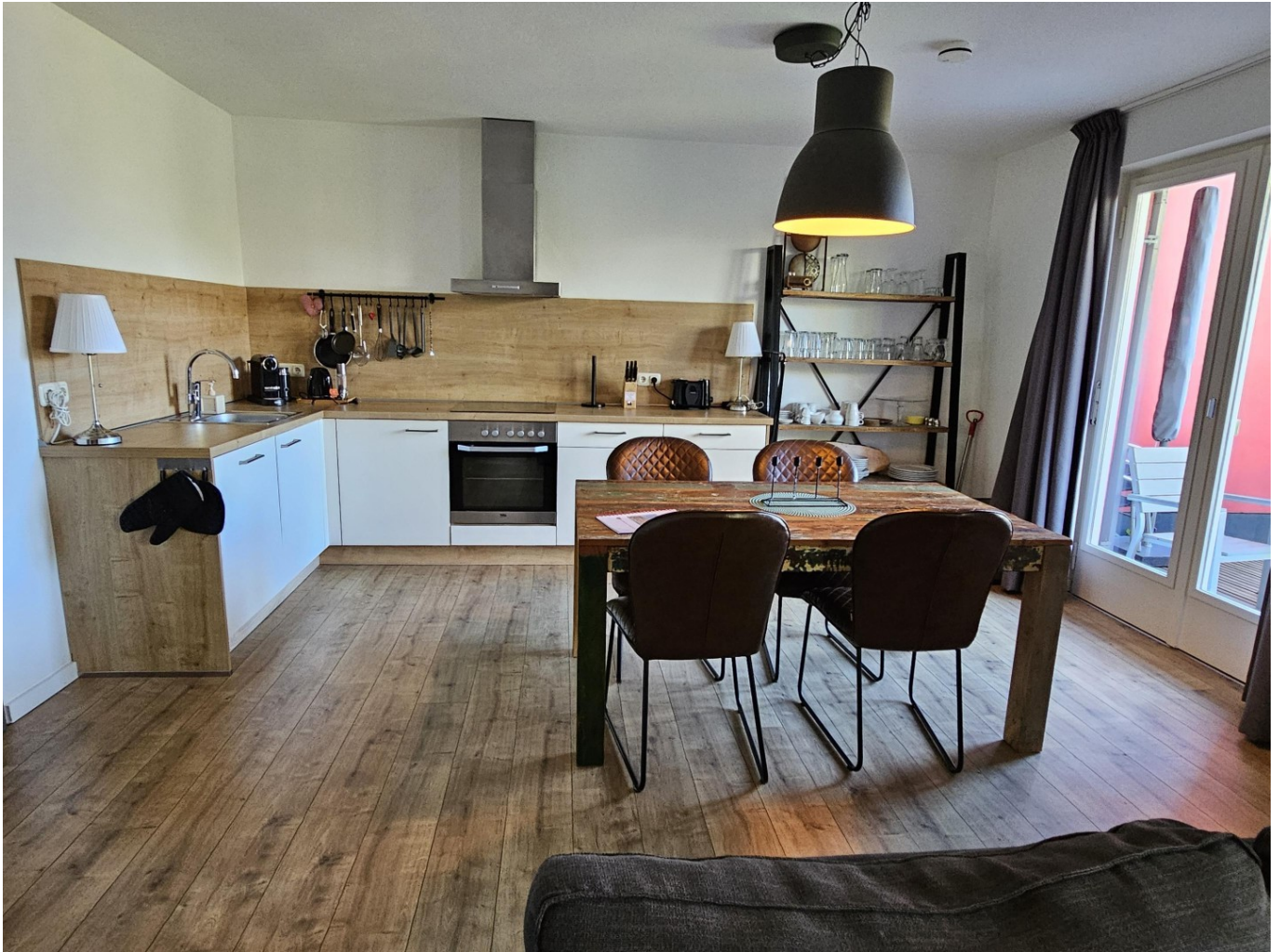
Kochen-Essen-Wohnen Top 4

========

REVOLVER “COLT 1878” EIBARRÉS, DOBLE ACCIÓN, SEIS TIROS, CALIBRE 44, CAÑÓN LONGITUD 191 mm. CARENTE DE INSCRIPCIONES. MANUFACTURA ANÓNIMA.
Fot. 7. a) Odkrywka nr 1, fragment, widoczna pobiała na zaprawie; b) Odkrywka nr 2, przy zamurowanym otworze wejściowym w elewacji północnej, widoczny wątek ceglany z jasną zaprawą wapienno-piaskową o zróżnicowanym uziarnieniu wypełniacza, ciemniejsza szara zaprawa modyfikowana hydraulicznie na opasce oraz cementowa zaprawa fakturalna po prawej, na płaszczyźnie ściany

========

WHAT TO WORK ON
Looking at the data above, write out exactly the lines that start at the one containing "INSCRIPCIONES. MANUFACTURA ANÓNIMA." and end at the one containing "Fot. 7. a) Odkrywka"; include both and nothing beyond.

TASK SOLUTION
REVOLVER “COLT 1878” EIBARRÉS, DOBLE ACCIÓN, SEIS TIROS, CALIBRE 44, CAÑÓN LONGITUD 191 mm. CARENTE DE INSCRIPCIONES. MANUFACTURA ANÓNIMA.
Fot. 7. a) Odkrywka nr 1, fragment, widoczna pobiała na zaprawie; b) Odkrywka nr 2, przy zamurowanym otworze wejściowym w elewacji północnej, widoczny wątek ceglany z jasną zaprawą wapienno-piaskową o zróżnicowanym uziarnieniu wypełniacza, ciemniejsza szara zaprawa modyfikowana hydraulicznie na opasce oraz cementowa zaprawa fakturalna po prawej, na płaszczyźnie ściany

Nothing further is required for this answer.